The commands up and down move "up" and "down" the call stack, that is, they will reset the current frame that is visible to you in GDB. The commands where and info stack are equivalent to backtrace. With no arguments, frame displays information about the current stack frame.
Displaying machine instructions: disas
The command disas, or disas <function>, disassemble - displays assembly instructions for a given function (default is the current frame).
(gdb) disas phase_1_of_1
Dump of assembler code for function phase_1_of_1:
0x000000000000079a <+0>: push %rbp
0x000000000000079b <+1>: mov %rsp,%rbp
0x000000000000079e <+4>: sub $0x10,%rsp
0x00000000000007a2 <+8>: lea -0x8(%rbp),%rcx
..
---Type <return> to continue, or q <return> to quit---q
Quit
Use the '&' operator to find the address of a function or variable; e.g.,
(gdb) print &phase_1_of_1
$1 = (void (*)()) 0x79a <phase_1_of_1>
(gdb)
Examining memory and registers
You can use the command x to examine the contents of a memory address. For example, to display instructions at address 0x400635, the first four lines of phase_1_of_1( ), you can use:
(gdb) x/4i 0x079a
0x79a <phase_1_of_1>: push %rbp
0x79b <phase_1_of_1+1>: mov %rsp,%rbp
0x79e <phase_1_of_1+4>: sub $0x10,%rsp
0x7a2 <phase_1_of_1+8>: lea -0x8(%rbp),%rcx
(gdb)
Here, /4i is an optional parameter, indicating that GDB should display 4 lines of instructions. Other formats are available, such as x/d for decimal, x/x for hex, and x/s for strings. You can also use the command print/x $reg to display the value of register $reg. Again, /x indicates that GDB should display the output in hex format. To display the contents of every registers, use the command: info registers.
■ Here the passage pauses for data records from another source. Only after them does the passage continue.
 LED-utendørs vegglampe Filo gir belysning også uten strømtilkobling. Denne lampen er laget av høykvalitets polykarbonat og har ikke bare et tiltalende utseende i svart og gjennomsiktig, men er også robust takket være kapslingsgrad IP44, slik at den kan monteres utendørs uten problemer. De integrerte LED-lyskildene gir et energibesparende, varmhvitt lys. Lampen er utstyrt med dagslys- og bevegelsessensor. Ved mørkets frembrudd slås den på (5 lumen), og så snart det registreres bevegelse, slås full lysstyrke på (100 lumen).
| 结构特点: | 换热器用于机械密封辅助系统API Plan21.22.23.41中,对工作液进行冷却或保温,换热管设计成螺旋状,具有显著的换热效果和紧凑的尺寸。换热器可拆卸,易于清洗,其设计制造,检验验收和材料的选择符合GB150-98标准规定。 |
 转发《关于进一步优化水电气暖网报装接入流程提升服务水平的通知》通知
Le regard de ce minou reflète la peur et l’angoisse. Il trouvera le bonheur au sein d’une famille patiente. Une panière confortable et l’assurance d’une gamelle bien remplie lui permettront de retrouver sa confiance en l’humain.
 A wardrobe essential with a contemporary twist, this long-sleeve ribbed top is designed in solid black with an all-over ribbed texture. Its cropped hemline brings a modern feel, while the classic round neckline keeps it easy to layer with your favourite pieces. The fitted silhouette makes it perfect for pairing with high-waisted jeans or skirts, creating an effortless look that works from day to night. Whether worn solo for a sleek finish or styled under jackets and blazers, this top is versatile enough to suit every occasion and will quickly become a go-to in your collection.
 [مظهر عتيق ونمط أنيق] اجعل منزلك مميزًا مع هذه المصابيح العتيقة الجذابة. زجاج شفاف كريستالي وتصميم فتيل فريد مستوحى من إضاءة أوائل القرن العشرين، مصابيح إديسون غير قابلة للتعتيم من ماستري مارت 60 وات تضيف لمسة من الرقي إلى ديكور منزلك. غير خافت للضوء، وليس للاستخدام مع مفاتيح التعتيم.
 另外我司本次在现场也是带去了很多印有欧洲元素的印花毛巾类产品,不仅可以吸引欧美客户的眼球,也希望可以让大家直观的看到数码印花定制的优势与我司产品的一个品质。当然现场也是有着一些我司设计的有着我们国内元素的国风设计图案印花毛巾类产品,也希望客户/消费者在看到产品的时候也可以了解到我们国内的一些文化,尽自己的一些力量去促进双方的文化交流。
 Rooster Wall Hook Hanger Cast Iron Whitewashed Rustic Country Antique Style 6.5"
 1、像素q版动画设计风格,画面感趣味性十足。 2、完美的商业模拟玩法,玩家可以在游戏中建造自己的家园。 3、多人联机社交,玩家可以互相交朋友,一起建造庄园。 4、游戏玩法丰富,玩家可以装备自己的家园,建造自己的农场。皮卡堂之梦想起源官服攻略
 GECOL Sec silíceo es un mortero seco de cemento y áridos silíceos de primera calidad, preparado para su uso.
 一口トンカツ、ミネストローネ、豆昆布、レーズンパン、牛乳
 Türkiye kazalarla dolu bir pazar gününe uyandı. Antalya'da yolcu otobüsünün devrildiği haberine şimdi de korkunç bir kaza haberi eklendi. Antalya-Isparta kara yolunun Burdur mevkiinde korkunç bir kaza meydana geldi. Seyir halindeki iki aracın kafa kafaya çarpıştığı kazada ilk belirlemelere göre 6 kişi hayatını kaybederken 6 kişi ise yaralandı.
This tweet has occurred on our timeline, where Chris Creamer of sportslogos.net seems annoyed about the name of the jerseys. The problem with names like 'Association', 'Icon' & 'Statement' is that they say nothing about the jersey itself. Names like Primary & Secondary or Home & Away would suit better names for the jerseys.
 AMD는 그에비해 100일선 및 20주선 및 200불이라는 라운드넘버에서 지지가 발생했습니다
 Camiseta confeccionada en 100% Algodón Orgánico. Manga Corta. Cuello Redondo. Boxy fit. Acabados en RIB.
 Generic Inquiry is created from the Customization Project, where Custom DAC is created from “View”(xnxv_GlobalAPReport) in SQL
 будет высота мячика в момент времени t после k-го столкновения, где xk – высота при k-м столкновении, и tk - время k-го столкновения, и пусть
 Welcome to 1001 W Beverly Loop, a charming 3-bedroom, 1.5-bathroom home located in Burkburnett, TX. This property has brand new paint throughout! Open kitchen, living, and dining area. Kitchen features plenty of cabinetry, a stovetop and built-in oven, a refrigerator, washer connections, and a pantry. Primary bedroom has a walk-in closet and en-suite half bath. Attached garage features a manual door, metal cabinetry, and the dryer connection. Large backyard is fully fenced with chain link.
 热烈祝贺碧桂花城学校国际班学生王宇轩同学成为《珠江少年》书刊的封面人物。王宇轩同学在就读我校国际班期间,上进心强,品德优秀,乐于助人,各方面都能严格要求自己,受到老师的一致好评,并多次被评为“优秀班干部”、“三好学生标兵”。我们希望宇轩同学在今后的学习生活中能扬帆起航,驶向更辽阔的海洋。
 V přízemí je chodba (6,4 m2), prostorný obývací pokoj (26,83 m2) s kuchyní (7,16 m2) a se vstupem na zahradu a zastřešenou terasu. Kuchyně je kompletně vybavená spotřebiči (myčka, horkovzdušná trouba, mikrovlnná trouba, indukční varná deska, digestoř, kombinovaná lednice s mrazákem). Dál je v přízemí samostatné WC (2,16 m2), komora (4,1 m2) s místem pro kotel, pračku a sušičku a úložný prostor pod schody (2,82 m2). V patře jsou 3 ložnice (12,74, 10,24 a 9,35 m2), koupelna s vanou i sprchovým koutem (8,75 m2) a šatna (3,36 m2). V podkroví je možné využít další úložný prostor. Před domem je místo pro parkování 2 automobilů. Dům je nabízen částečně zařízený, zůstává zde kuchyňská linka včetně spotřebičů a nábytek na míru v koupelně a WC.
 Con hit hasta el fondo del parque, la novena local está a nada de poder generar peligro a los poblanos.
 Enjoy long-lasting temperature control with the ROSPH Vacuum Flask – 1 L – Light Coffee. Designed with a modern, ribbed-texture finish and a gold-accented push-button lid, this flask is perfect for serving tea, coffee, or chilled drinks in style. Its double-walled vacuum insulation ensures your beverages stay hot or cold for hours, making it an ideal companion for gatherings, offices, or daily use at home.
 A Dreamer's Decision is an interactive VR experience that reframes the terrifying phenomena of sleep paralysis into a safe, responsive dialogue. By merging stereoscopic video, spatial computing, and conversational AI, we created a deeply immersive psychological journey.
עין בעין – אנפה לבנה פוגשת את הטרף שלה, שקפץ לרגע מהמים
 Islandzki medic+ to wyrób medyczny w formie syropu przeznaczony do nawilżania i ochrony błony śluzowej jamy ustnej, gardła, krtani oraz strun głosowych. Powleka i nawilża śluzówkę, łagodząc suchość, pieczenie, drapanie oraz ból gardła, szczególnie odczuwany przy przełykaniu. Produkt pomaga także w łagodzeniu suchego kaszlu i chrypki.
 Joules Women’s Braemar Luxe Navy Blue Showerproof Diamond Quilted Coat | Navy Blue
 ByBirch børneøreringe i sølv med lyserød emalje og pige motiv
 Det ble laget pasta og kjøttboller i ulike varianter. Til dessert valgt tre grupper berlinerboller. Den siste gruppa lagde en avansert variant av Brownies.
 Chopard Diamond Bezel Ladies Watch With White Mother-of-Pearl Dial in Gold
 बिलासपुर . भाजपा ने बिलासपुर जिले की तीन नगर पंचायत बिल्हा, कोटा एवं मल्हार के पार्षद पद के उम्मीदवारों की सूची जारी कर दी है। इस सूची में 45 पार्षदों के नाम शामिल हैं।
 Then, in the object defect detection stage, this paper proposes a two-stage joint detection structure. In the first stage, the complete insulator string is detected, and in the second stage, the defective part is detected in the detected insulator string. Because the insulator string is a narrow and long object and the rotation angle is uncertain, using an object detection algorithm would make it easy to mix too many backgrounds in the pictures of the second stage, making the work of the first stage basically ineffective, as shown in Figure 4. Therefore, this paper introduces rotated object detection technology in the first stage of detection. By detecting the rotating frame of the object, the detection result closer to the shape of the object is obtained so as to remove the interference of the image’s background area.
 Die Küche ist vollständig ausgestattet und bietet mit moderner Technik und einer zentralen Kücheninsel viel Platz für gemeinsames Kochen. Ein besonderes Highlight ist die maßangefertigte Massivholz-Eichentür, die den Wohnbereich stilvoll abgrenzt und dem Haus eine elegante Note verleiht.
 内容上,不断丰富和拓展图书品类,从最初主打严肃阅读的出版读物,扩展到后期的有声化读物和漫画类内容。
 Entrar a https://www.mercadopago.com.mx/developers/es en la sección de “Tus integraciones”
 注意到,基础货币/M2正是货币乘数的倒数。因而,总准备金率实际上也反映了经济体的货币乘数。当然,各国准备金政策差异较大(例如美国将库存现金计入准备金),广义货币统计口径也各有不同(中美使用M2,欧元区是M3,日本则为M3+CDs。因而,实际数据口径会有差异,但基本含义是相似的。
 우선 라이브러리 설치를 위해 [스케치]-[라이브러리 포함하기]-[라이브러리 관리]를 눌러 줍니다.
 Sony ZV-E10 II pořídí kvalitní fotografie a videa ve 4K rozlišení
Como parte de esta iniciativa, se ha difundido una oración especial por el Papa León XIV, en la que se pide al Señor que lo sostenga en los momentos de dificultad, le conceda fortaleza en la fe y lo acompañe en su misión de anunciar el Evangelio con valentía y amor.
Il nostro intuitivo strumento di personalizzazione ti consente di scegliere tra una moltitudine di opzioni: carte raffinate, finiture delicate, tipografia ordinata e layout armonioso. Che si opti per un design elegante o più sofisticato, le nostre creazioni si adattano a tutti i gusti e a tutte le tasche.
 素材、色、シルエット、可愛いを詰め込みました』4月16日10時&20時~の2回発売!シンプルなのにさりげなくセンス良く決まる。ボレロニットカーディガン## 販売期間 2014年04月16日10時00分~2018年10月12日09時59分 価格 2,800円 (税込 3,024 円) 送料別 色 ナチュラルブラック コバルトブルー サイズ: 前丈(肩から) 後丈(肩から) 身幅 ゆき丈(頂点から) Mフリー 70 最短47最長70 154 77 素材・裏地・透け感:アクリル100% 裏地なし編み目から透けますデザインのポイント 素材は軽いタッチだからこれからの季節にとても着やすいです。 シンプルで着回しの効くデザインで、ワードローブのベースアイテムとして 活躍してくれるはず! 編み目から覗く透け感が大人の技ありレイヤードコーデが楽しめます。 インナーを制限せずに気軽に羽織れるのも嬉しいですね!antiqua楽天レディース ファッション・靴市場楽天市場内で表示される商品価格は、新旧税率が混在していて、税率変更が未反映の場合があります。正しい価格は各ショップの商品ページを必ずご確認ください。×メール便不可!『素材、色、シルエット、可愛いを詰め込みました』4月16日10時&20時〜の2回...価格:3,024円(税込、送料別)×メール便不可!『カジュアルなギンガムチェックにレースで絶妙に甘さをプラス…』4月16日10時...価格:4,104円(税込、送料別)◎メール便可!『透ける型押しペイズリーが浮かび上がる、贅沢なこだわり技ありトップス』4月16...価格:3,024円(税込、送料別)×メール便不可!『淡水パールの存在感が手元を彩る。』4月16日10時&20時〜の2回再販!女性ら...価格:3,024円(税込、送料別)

Stepping through and into a function, by instruction: nexti and stepi
We saw above how we can use next and step to step through our program, line by line. The commands nexti and stepi are similar, but execute one instruction rather than one line our source code. These commands can be useful for lines that contain several operations or function calls.
Using objdump to examine binary files.
In addition to GDB, you can also use the program objdump to display a range of info about a binary file.
objdump -d disassembles a file (similar to disas in gdb).
objdump -t displays symbol table information
• Disassemble the executable boom. What information do you see that you did not get from GDB's disas command?
• Use objdump and grep to find symbol table entry for the function phase_1_of_1; e.g., objdump –t boom | grep phase_1_of_1
Problems to turn on for Lab #2:
Problem Statement
The bomb is a 32-bit binary ELF executable, kaboom. For this assignment, you should use a CS Linux machine for the assignment. No source code is provided. Determine what input strings should be passed to the program kaboom via standard input so that the built-in bomb doesn't explode. Each time the bomb explodes you will lose 0.5 points up to a maximum of 20 points lost.
Background
This bomb program is compiled using: gcc –Og –fno-stack-protector –fno-inline -fno-omit-frame-pointer –m32 -o kaboom kaboom.c; it can be found at /pub/cis450/programs/Lab2/kaboom, the 64-bit version is also available as kaboom64.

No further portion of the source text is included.